-------- Listed entries --------
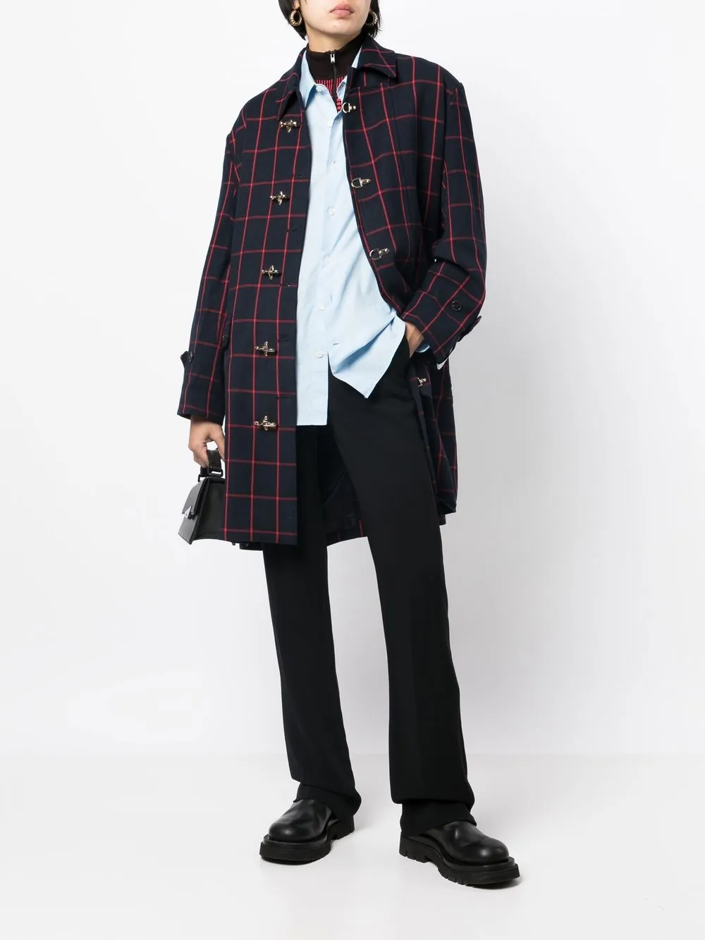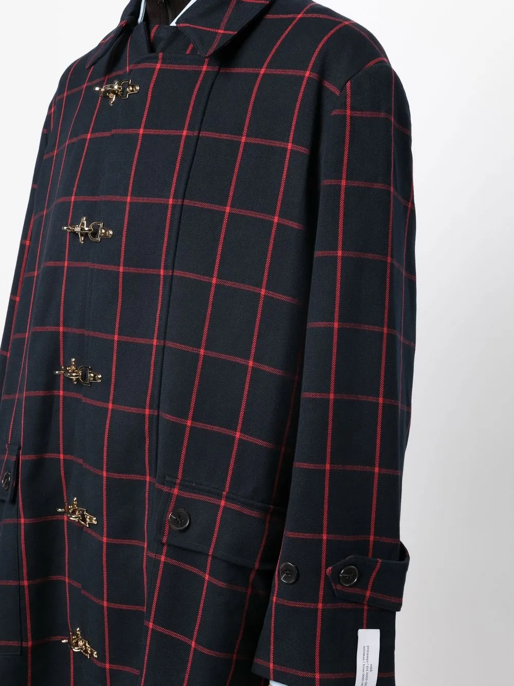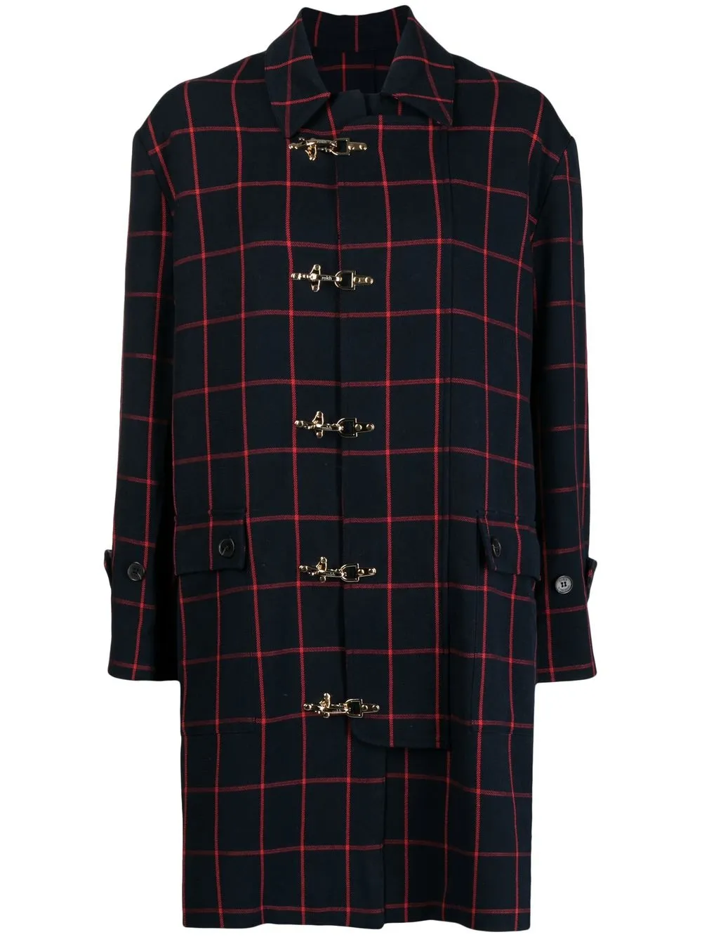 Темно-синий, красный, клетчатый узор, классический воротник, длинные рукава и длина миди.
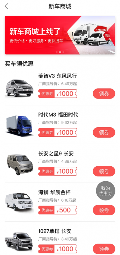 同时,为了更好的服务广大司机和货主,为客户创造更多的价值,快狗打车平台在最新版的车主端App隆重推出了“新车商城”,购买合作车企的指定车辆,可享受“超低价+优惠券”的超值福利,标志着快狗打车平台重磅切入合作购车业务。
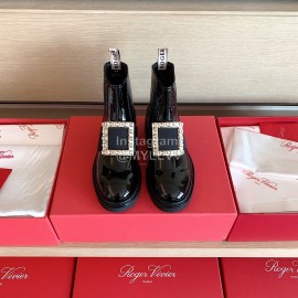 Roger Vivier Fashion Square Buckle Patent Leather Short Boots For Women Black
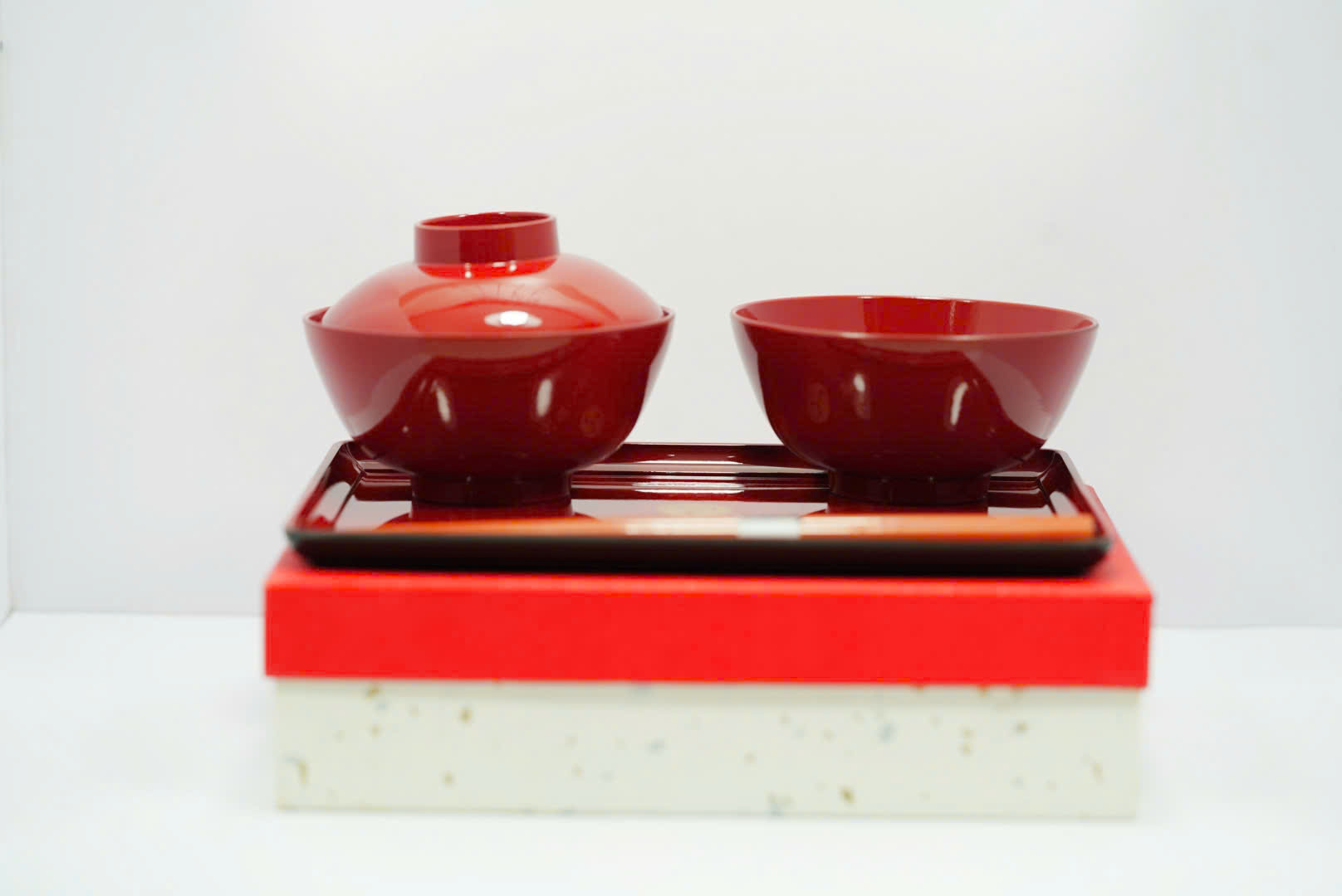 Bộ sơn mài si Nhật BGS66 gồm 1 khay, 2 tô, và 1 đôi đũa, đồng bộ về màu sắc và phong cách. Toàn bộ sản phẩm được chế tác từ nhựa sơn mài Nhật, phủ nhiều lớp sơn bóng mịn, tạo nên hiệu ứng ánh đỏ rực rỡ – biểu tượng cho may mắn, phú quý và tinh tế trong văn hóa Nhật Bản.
--------
-------- Listed entries --------
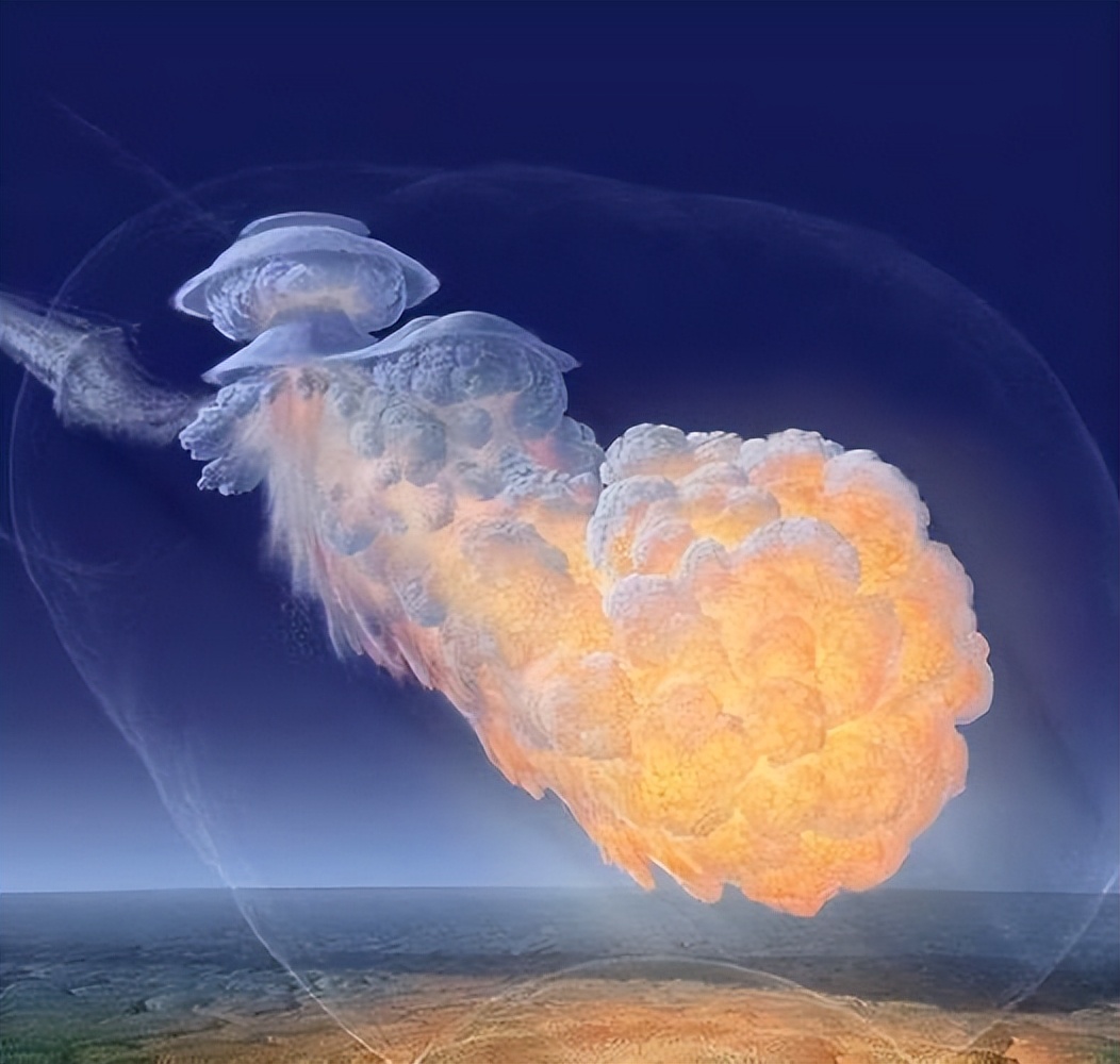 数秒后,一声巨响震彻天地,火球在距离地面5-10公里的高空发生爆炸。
--------
-------- Listed entries --------
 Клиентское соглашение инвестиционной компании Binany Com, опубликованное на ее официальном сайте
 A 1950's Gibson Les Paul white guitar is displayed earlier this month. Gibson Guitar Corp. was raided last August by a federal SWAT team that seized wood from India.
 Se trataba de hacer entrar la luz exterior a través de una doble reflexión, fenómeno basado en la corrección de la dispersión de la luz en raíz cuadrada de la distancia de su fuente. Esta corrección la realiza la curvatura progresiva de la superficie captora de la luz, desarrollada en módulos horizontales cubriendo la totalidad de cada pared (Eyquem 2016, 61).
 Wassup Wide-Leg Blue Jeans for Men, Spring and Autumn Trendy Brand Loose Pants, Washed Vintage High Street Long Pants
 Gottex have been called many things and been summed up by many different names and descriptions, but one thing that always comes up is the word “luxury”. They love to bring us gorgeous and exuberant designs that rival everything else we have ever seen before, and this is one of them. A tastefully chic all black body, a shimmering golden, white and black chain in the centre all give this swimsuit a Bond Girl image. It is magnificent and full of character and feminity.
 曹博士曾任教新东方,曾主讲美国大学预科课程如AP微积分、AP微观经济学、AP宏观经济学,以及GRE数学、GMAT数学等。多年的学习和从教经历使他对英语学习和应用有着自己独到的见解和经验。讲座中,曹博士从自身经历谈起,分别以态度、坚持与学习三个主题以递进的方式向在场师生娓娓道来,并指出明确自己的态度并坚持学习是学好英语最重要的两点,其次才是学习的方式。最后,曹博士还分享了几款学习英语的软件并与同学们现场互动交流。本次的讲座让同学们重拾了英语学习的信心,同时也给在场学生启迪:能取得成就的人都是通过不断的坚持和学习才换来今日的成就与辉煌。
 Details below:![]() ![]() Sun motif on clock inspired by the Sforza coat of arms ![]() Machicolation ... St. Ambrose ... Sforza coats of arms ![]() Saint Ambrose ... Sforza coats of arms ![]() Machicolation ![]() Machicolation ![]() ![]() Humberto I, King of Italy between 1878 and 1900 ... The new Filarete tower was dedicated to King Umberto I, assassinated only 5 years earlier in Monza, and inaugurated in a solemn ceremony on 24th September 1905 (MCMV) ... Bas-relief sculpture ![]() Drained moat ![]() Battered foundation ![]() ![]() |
--------
Scan the listing for the string "white" and copy every line that carries it.

 A 1950's Gibson Les Paul white guitar is displayed earlier this month. Gibson Guitar Corp. was raided last August by a federal SWAT team that seized wood from India.
 Gottex have been called many things and been summed up by many different names and descriptions, but one thing that always comes up is the word “luxury”. They love to bring us gorgeous and exuberant designs that rival everything else we have ever seen before, and this is one of them. A tastefully chic all black body, a shimmering golden, white and black chain in the centre all give this swimsuit a Bond Girl image. It is magnificent and full of character and feminity.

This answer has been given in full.